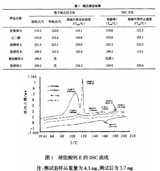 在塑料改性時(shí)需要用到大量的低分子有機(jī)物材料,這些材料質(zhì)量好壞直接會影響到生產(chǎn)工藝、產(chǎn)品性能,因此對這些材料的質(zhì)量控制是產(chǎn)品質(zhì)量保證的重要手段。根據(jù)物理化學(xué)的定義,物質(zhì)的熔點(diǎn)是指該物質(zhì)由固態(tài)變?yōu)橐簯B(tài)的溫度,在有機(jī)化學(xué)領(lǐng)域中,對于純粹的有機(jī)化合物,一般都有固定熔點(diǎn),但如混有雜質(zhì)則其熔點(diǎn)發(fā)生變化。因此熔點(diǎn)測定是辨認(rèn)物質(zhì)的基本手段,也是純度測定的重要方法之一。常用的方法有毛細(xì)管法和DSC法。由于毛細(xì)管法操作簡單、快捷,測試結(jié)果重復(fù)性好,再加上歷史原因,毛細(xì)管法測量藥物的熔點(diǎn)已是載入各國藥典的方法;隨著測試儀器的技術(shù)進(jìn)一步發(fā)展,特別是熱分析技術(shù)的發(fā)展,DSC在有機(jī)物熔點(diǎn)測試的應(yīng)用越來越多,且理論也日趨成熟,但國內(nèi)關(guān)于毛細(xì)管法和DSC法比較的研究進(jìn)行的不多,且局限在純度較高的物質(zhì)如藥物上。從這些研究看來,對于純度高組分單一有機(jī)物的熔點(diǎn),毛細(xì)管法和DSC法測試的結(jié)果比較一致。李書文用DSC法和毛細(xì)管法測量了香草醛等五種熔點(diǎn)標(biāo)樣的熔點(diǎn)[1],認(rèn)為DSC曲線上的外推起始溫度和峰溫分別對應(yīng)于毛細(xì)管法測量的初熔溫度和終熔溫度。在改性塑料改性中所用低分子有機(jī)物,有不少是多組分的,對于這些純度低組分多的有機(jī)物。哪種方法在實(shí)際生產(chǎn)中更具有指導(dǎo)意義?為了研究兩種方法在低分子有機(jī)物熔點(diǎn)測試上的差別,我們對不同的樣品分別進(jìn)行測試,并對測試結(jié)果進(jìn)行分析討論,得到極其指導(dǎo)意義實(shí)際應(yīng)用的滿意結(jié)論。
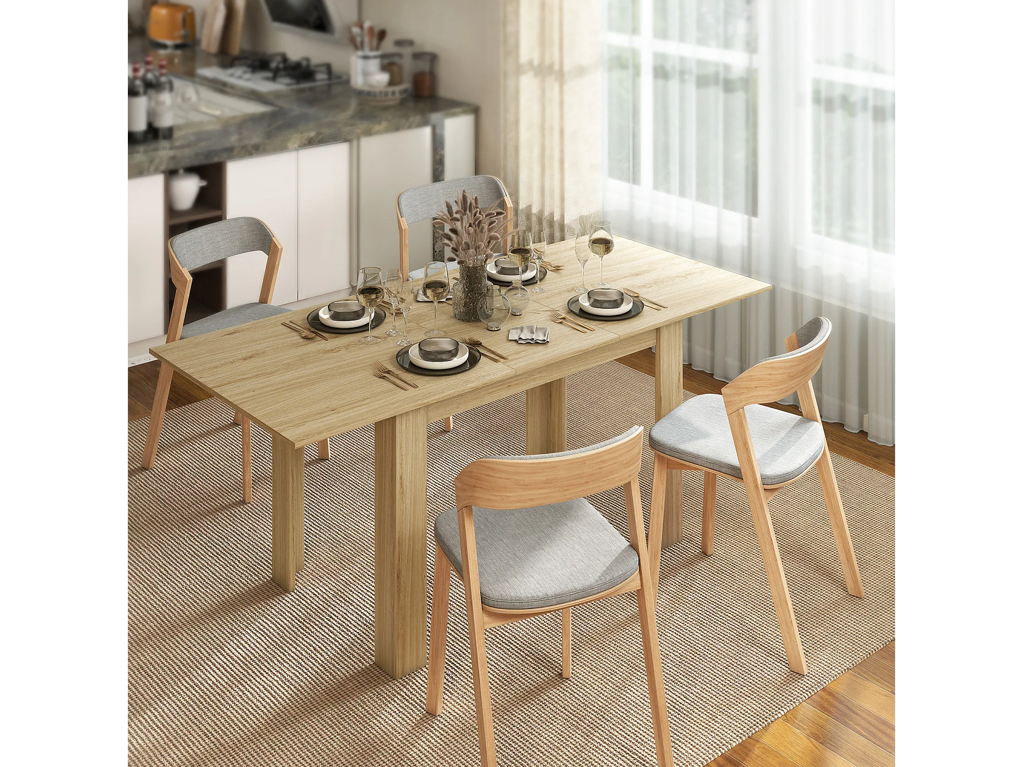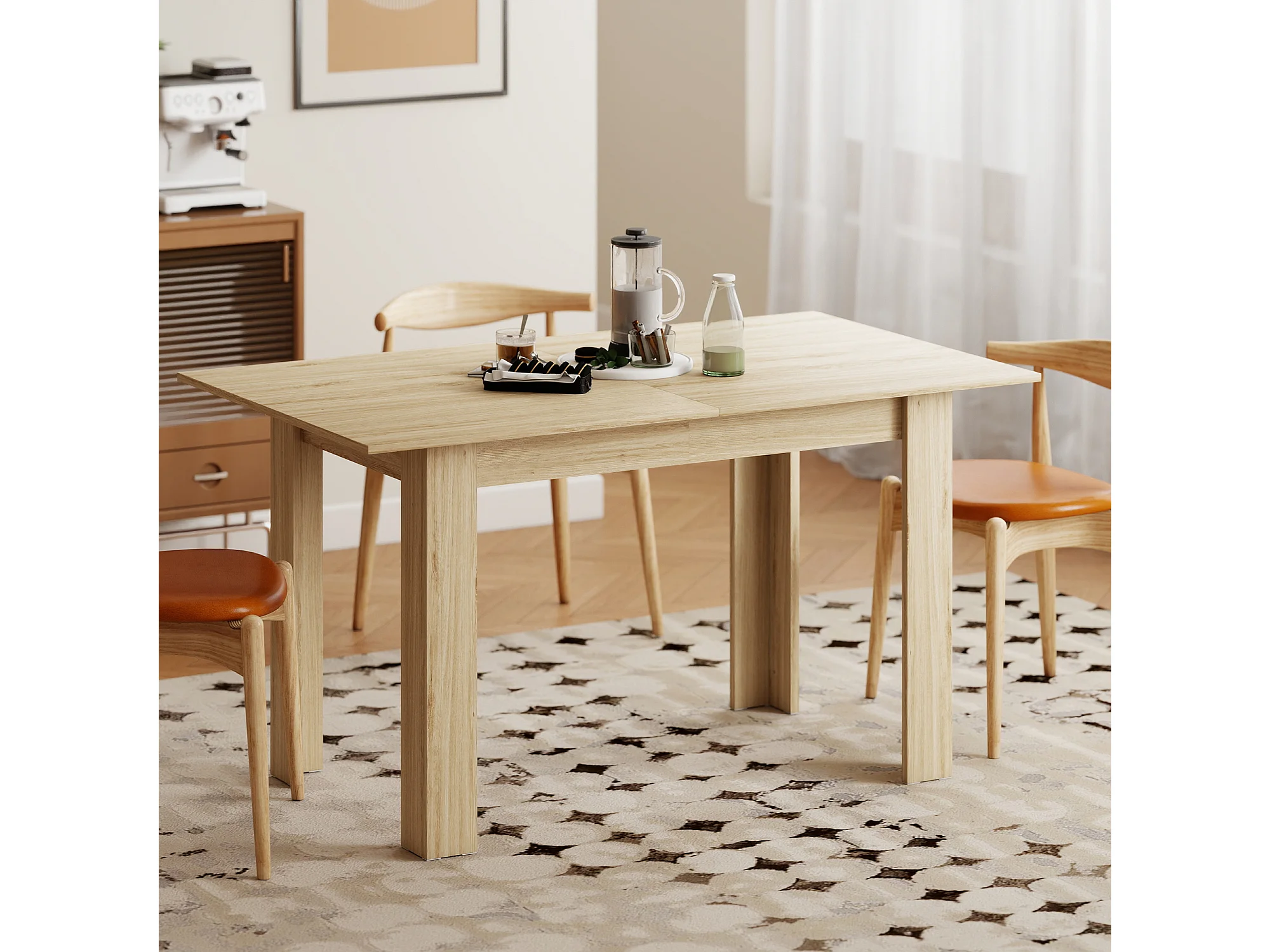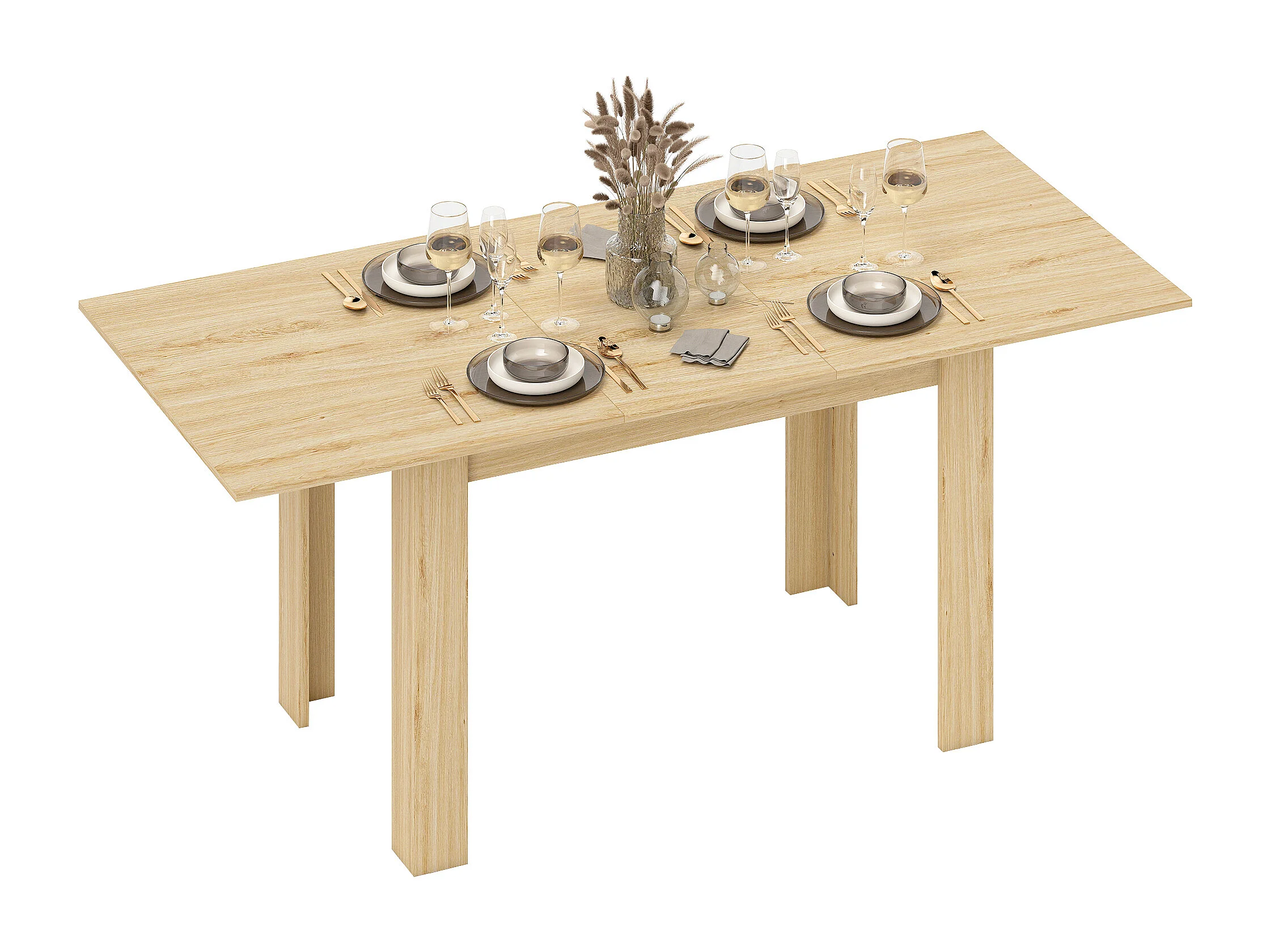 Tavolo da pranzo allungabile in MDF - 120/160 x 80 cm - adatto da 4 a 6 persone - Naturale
*-*-*
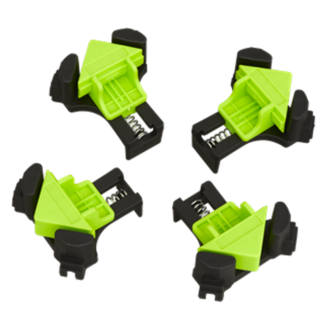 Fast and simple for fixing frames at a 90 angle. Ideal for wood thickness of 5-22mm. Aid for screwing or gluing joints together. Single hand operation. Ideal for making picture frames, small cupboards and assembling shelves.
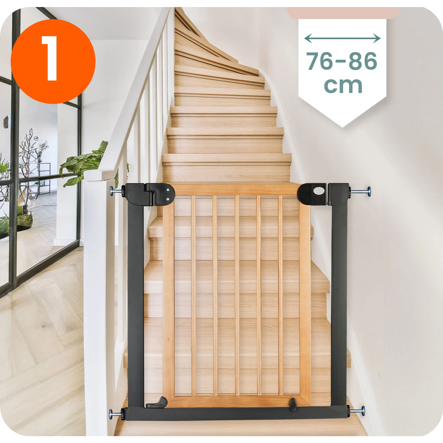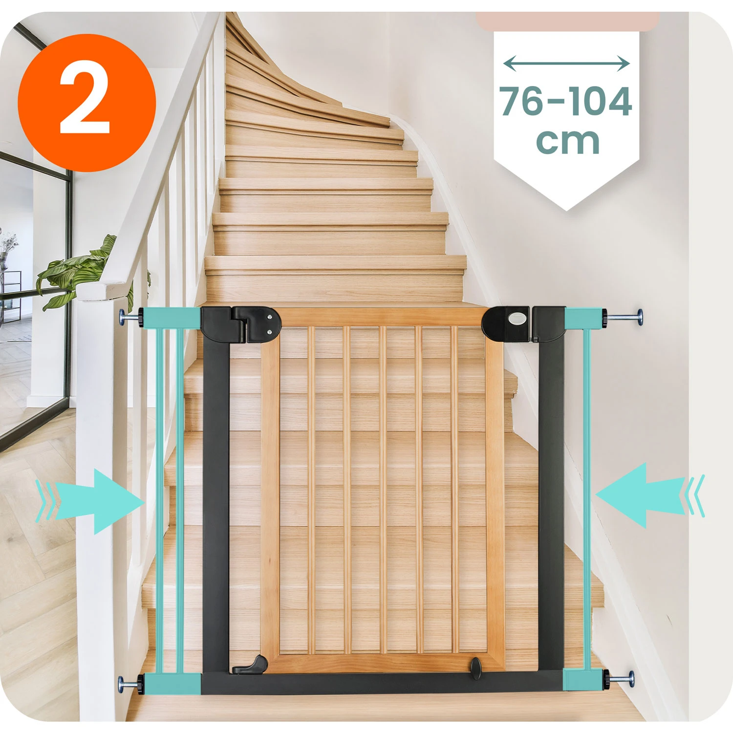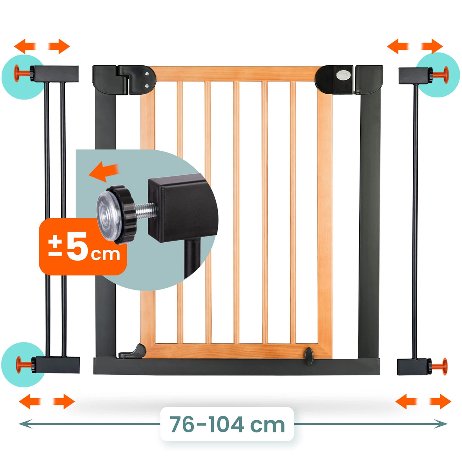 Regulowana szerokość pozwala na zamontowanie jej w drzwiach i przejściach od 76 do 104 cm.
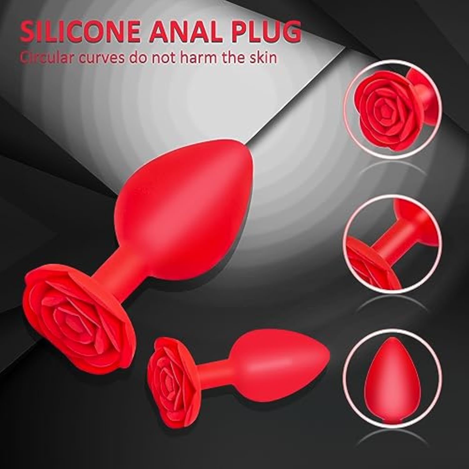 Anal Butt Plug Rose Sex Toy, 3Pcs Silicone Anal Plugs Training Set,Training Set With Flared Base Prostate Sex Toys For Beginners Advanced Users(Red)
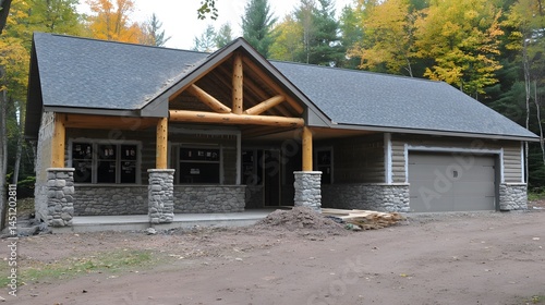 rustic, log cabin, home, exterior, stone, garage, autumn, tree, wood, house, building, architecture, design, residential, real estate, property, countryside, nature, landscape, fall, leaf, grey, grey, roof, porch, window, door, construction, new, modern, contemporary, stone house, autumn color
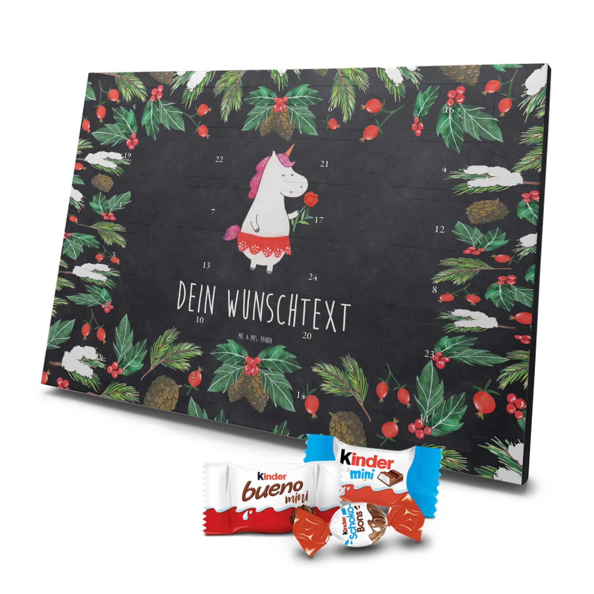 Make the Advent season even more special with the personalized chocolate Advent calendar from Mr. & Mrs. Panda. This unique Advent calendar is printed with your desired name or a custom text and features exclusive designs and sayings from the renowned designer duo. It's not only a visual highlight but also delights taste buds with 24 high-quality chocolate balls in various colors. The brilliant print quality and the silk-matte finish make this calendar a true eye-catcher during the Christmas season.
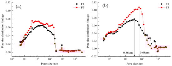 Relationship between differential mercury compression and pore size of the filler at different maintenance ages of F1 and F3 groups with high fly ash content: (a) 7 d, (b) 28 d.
*-*-*
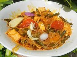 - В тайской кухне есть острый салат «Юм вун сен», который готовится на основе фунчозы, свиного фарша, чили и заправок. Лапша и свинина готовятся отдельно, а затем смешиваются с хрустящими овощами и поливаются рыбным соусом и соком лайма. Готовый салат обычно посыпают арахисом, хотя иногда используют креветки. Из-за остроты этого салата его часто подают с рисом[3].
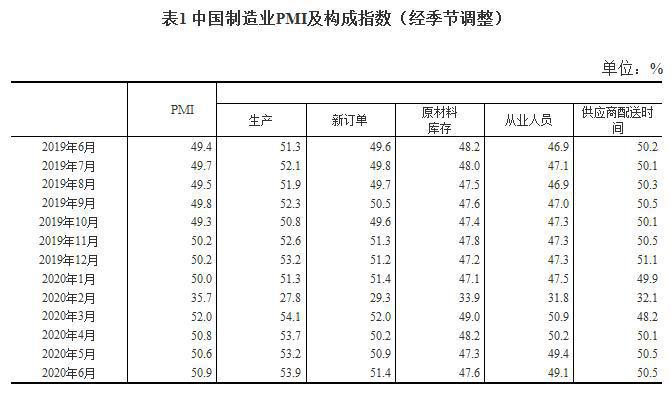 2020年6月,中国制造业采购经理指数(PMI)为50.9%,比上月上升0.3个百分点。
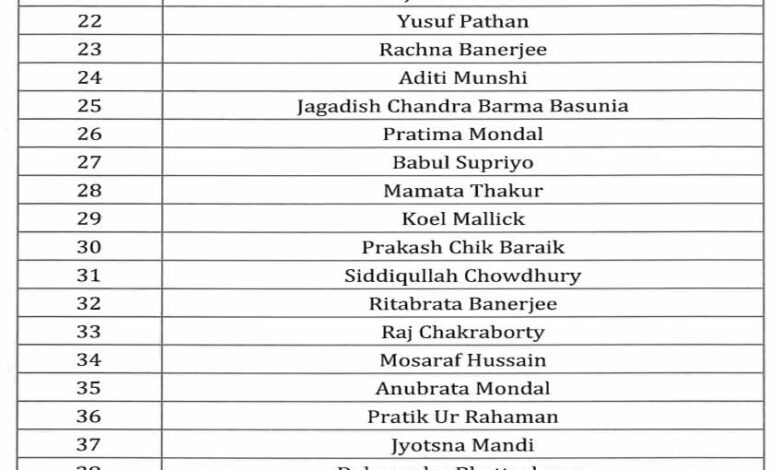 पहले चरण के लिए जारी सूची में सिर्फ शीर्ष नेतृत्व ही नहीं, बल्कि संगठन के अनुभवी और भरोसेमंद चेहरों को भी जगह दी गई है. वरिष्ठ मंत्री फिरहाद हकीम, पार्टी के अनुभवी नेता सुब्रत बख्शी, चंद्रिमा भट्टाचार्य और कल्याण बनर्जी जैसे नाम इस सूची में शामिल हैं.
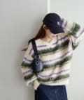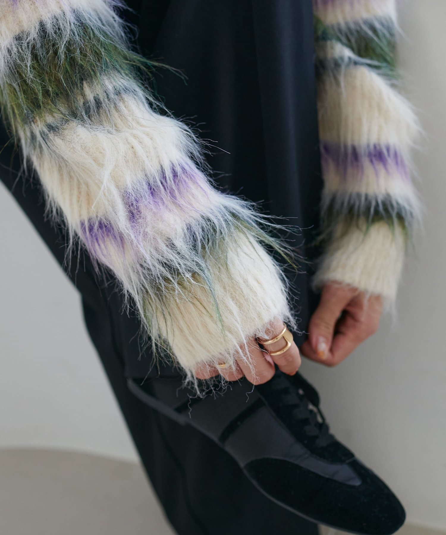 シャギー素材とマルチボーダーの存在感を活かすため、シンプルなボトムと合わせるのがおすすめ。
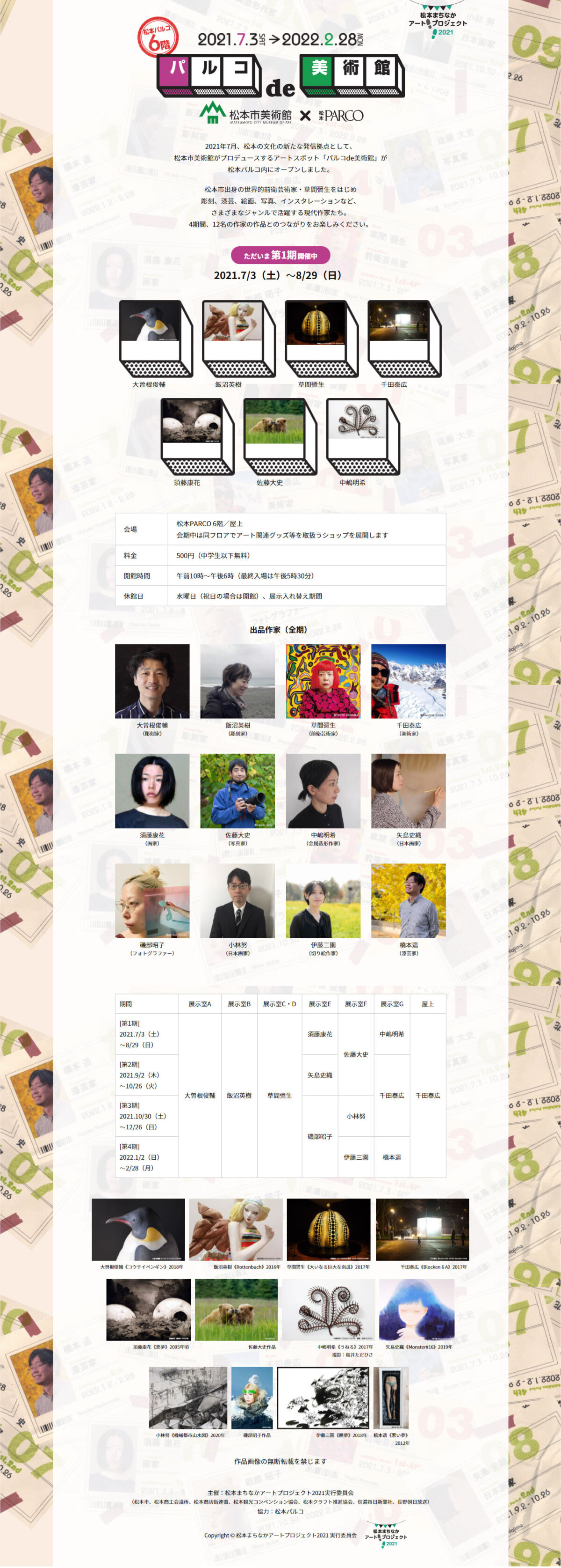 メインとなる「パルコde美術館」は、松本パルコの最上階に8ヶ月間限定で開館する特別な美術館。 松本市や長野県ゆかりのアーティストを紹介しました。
*-*-*
» What you need to do
In the material above, one part opens with the line containing "Regulowana szerokość pozwala" and closes with the line containing "house, autumn color". Write out that part exactly and skip its pictures.

» Answer box
 Regulowana szerokość pozwala na zamontowanie jej w drzwiach i przejściach od 76 do 104 cm.
 Anal Butt Plug Rose Sex Toy, 3Pcs Silicone Anal Plugs Training Set,Training Set With Flared Base Prostate Sex Toys For Beginners Advanced Users(Red)
 rustic, log cabin, home, exterior, stone, garage, autumn, tree, wood, house, building, architecture, design, residential, real estate, property, countryside, nature, landscape, fall, leaf, grey, grey, roof, porch, window, door, construction, new, modern, contemporary, stone house, autumn color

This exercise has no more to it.